DIRECTIONS
In this exercise, retype exactly the lines from the start of the entries through the line bearing "久田 裕顕さんの総格は44画の2点!", leaving every picture out.

******

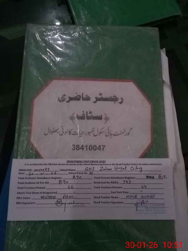 | EMIS Code: 38410047 | Name of School: GHS ZAHOOR HAYAT COLONY BHALWAL | |||
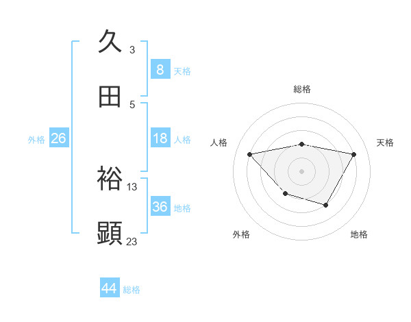 久田 裕顕さんの総格は44画の2点!
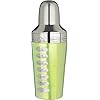 Recipe Cocktail Shaker, Stainless Steel/Glass: Kitchen & Dining. and ml. Three-pieces: glass shaker shell (16 oz. Rim-full), brushed stainless steel strainer top (with beaded seal) and top cap. Seven printed recipes around outside of glass plus measure marks in oz. 8-1/4'' high.
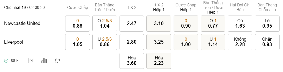 Soi kèo châu Á Newcastle vs Liverpool: 0.88*0*1.05
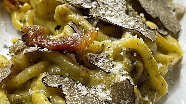 Una volta impiattato, aggiungere il guanciale per guarnire e, infine, del tartufo a scaglie. È molto importante la scelta del tartufo: lo chef predilige il tartufo nero.

******

ANSWER TO THIS PROBLEM
 | EMIS Code: 38410047 | Name of School: GHS ZAHOOR HAYAT COLONY BHALWAL | |||
 久田 裕顕さんの総格は44画の2点!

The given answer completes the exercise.